# RECORD EXCERPTS
══════════════════════════════
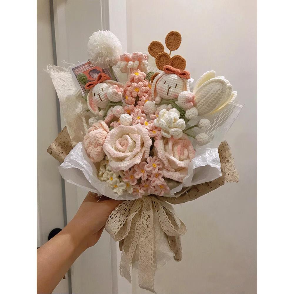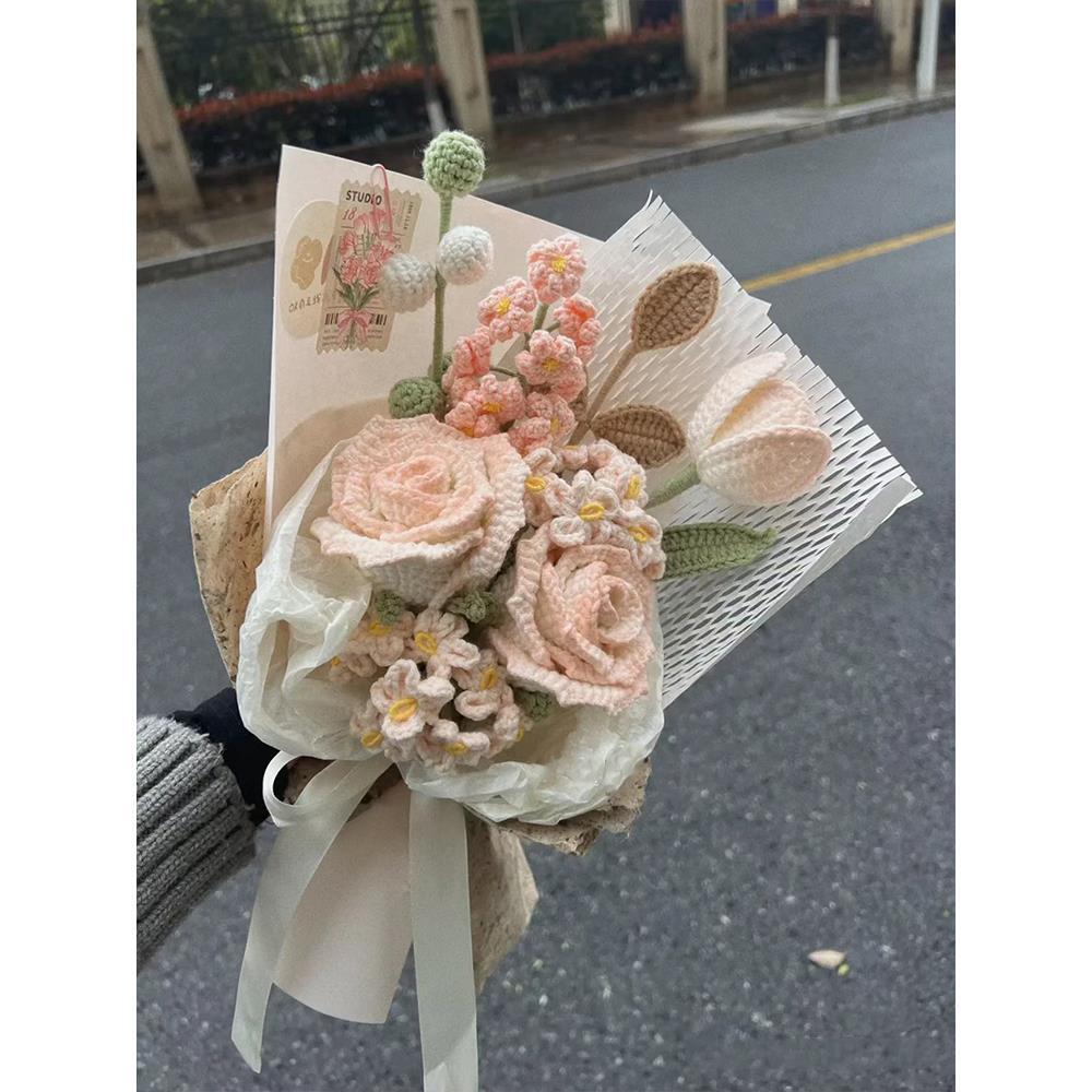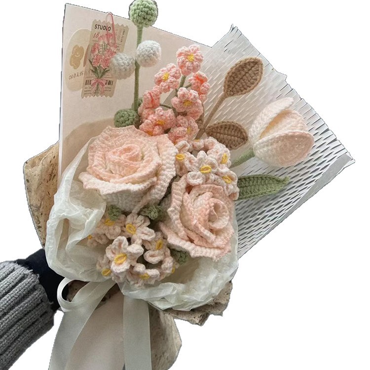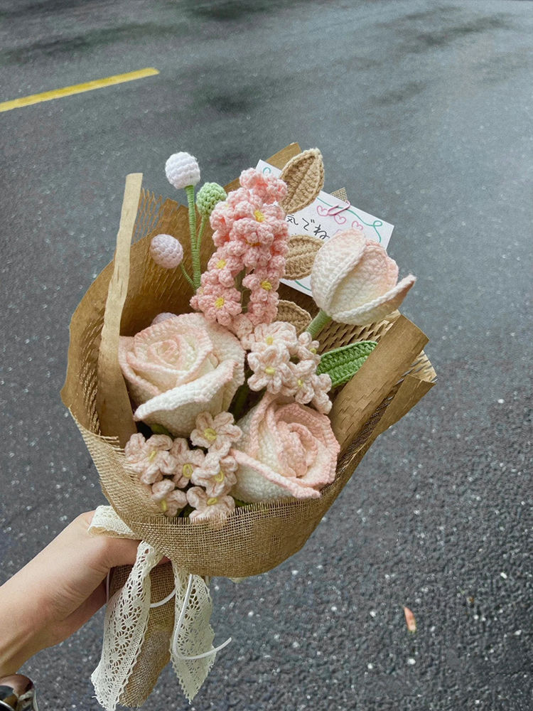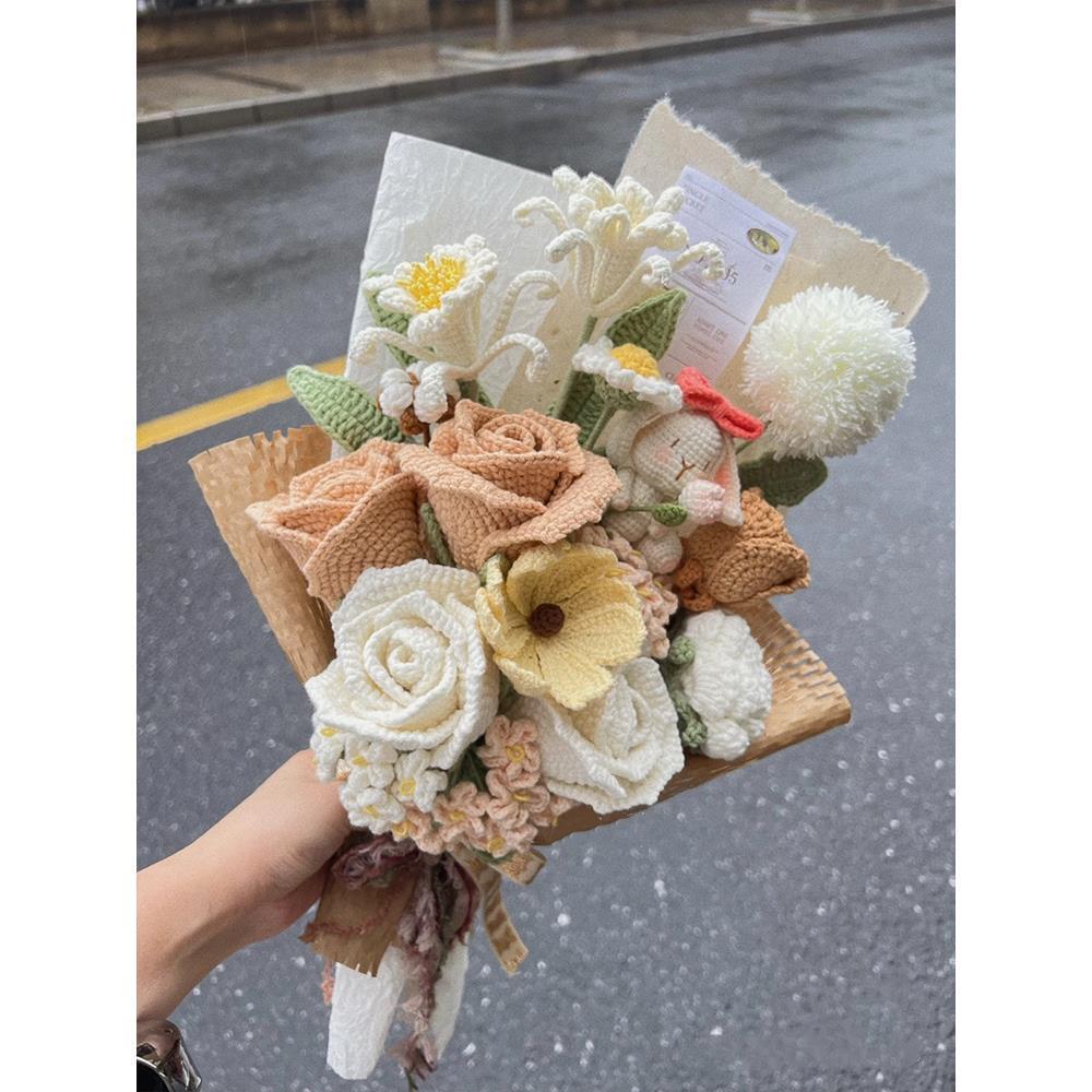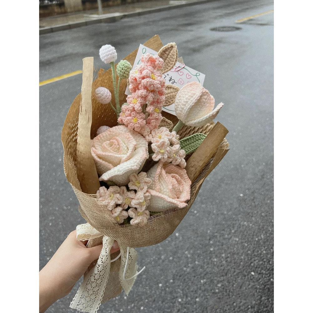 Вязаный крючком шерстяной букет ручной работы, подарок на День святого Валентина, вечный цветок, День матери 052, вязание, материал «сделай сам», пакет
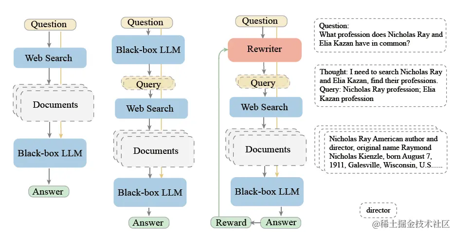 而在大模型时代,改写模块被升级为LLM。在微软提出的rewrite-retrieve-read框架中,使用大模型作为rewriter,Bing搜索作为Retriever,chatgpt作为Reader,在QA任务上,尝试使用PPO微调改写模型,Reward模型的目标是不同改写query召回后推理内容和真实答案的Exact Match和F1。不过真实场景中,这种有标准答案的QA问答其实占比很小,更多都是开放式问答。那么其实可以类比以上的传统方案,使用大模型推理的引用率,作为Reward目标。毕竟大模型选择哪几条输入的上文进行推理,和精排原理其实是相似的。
══════════════════════════════
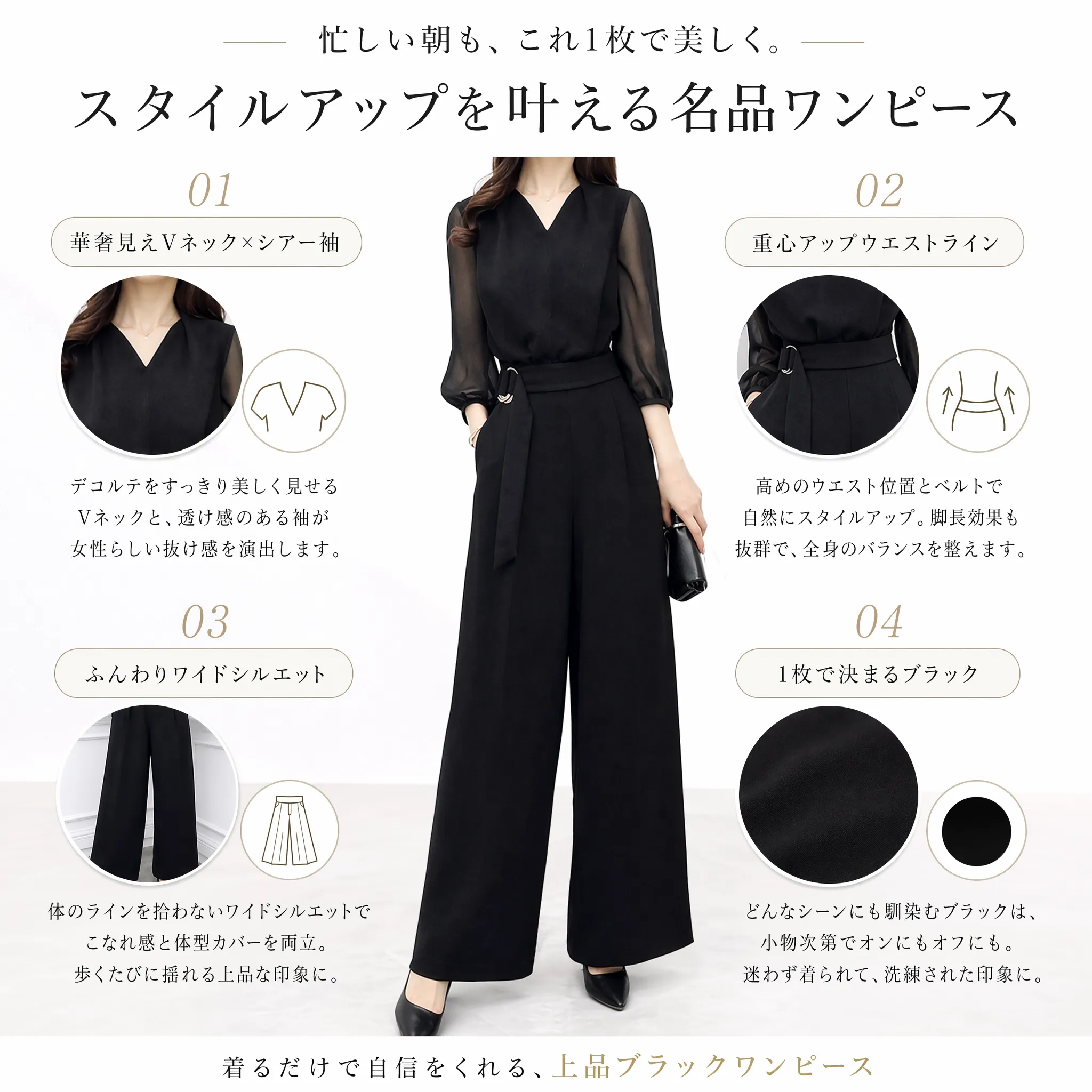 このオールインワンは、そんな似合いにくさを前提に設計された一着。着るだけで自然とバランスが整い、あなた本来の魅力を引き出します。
══════════════════════════════
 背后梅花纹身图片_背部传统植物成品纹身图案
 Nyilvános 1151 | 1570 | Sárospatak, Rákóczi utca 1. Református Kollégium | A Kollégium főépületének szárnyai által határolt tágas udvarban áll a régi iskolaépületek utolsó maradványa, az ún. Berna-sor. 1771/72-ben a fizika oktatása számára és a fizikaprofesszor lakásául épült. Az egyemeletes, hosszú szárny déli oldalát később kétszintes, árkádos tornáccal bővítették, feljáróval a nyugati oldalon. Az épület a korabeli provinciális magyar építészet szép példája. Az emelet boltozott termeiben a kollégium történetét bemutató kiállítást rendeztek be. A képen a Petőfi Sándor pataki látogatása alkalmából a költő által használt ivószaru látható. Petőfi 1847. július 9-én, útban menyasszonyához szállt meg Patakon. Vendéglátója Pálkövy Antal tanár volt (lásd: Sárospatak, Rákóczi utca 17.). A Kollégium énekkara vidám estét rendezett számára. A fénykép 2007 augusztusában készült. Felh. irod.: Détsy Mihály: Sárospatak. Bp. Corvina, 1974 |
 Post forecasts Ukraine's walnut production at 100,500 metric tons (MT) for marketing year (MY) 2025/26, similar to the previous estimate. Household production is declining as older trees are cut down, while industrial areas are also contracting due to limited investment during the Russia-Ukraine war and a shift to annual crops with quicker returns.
══════════════════════════════
# WHAT TO PRODUCE
Only the lines above from the one with "Вязаный крючком шерстяной" to the one with "而在大模型时代,改写模块被升" should be printed, both included and exactly as written; no picture belongs in the copy.

# SOLUTION TO THE PROBLEM
 Вязаный крючком шерстяной букет ручной работы, подарок на День святого Валентина, вечный цветок, День матери 052, вязание, материал «сделай сам», пакет
 而在大模型时代,改写模块被升级为LLM。在微软提出的rewrite-retrieve-read框架中,使用大模型作为rewriter,Bing搜索作为Retriever,chatgpt作为Reader,在QA任务上,尝试使用PPO微调改写模型,Reward模型的目标是不同改写query召回后推理内容和真实答案的Exact Match和F1。不过真实场景中,这种有标准答案的QA问答其实占比很小,更多都是开放式问答。那么其实可以类比以上的传统方案,使用大模型推理的引用率,作为Reward目标。毕竟大模型选择哪几条输入的上文进行推理,和精排原理其实是相似的。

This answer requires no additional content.